TASK INSTRUCTIONS:
Give the records below again in full, exactly as written, but without any images.

SUPPLIED RECORDS: Begin

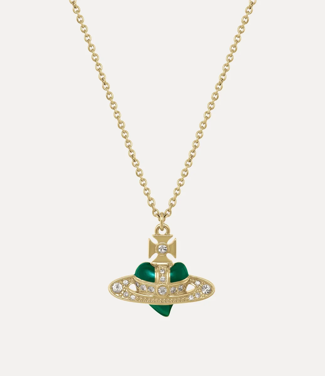 Forma de inimă a devenit un stil caracteristic al casei, sinonim cu afecțiunea lui Vivienne atât pentru umanitate, cât și pentru planetă. Colierul nostru New Diamante Heart Pendant readuce la viață silueta noastră iconică de inimă asimetrică, conturată cu cristale aurii și finisată cu email translucid pictat manual în centrul designului.
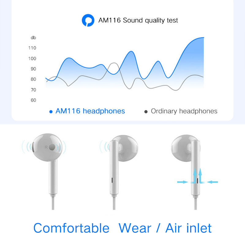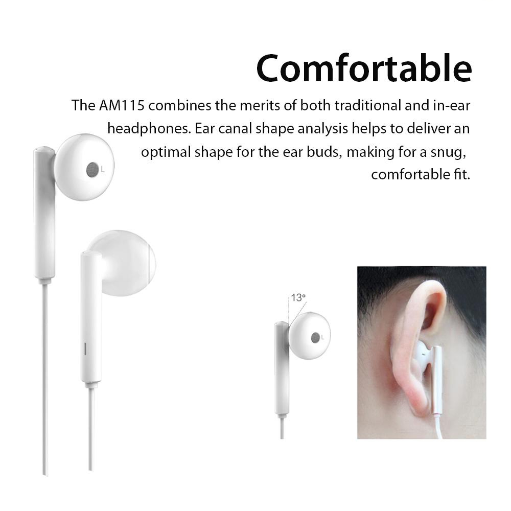 HUAWEI Headset Original AM115 Earphone Wired Half In-Ear Earphones | 3.5mm Edition Headphone | 3-Button With Mic Volume Control | For P30 P20 P10 Mate10 Nova4 4e 3 3i 2 2I Y9 Y Max Mobile Phones Table
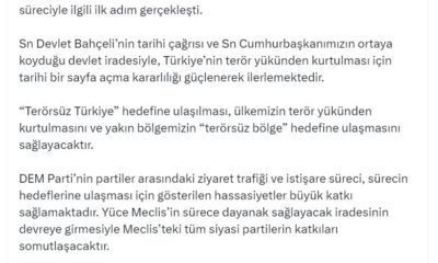 AK Parti Sözcüsü Çelik: Terörsüz Türkiye hedefi doğrultusunda PKK’nın silahları imha/teslim süreciyle ilgili ilk adım gerçekleşti. Terörsüz Türkiye hedefine ulaşılması, ülkemizin terör yükünden kurtulmasını ve yakın...
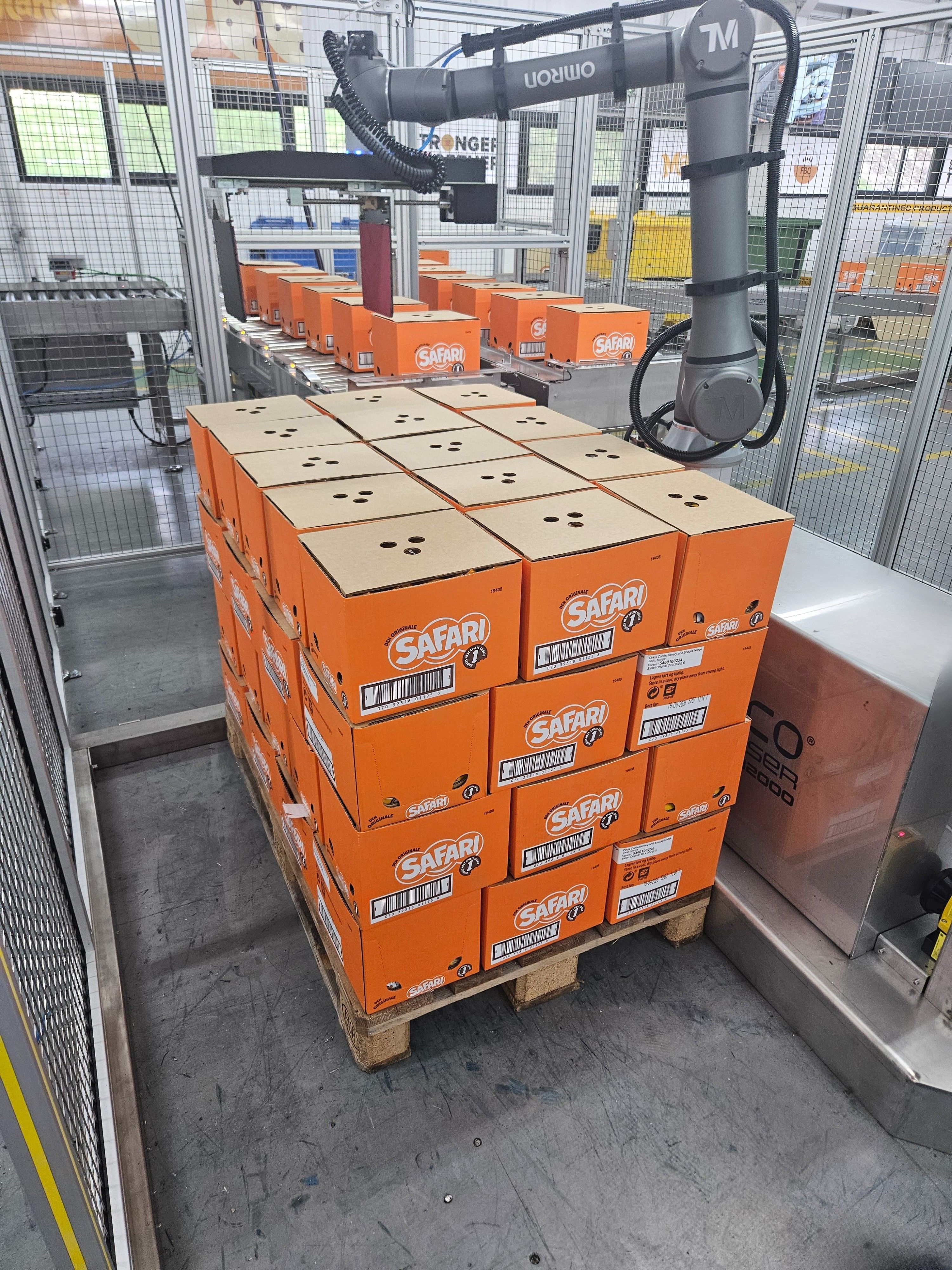 Following a thorough assessment of the existing setup, which comprised three conveyors feeding into the packing hall and two redundant robots, Reeco implemented a smart conveying solution integrated with four RB2000 palletising systems.
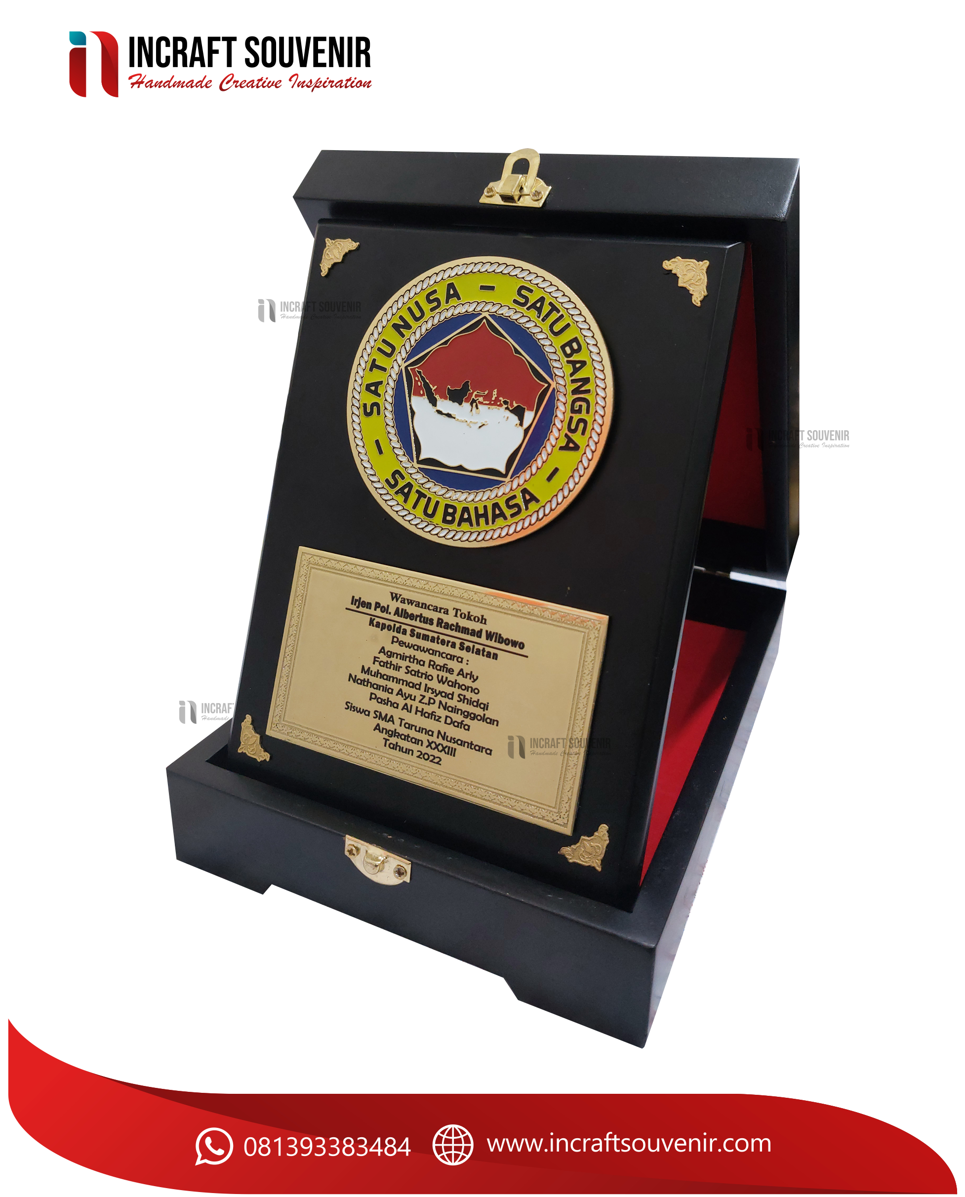 Plakat kayu merupakan produk plakat yang eksklusif dan elegan. Plakat kayu dengan sentuhan kombinasi plat kuningan menjadikan plakat kayu banyak sekali diminati baik instansi pemerintah, BUMN, Universitas dan juga perusahaan – perusahaan swasta. Produk plakat kayu ini terkenal dengan nilai kemewahanya dengan kombinasi kuningan
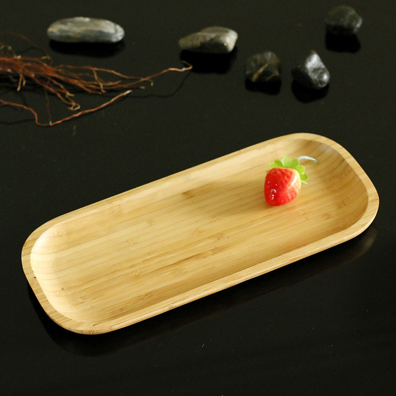 竹製の長方形の寿司の刺身の皿の料理と和風の食器のお茶を入れるお菓子の盛台の果物のキャンディーの種の小さいトレー

SUPPLIED RECORDS: End

RESULT OF THE EXERCISE:
 Forma de inimă a devenit un stil caracteristic al casei, sinonim cu afecțiunea lui Vivienne atât pentru umanitate, cât și pentru planetă. Colierul nostru New Diamante Heart Pendant readuce la viață silueta noastră iconică de inimă asimetrică, conturată cu cristale aurii și finisată cu email translucid pictat manual în centrul designului.
 HUAWEI Headset Original AM115 Earphone Wired Half In-Ear Earphones | 3.5mm Edition Headphone | 3-Button With Mic Volume Control | For P30 P20 P10 Mate10 Nova4 4e 3 3i 2 2I Y9 Y Max Mobile Phones Table
 AK Parti Sözcüsü Çelik: Terörsüz Türkiye hedefi doğrultusunda PKK’nın silahları imha/teslim süreciyle ilgili ilk adım gerçekleşti. Terörsüz Türkiye hedefine ulaşılması, ülkemizin terör yükünden kurtulmasını ve yakın...
 Following a thorough assessment of the existing setup, which comprised three conveyors feeding into the packing hall and two redundant robots, Reeco implemented a smart conveying solution integrated with four RB2000 palletising systems.
 Plakat kayu merupakan produk plakat yang eksklusif dan elegan. Plakat kayu dengan sentuhan kombinasi plat kuningan menjadikan plakat kayu banyak sekali diminati baik instansi pemerintah, BUMN, Universitas dan juga perusahaan – perusahaan swasta. Produk plakat kayu ini terkenal dengan nilai kemewahanya dengan kombinasi kuningan
 竹製の長方形の寿司の刺身の皿の料理と和風の食器のお茶を入れるお菓子の盛台の果物のキャンディーの種の小さいトレー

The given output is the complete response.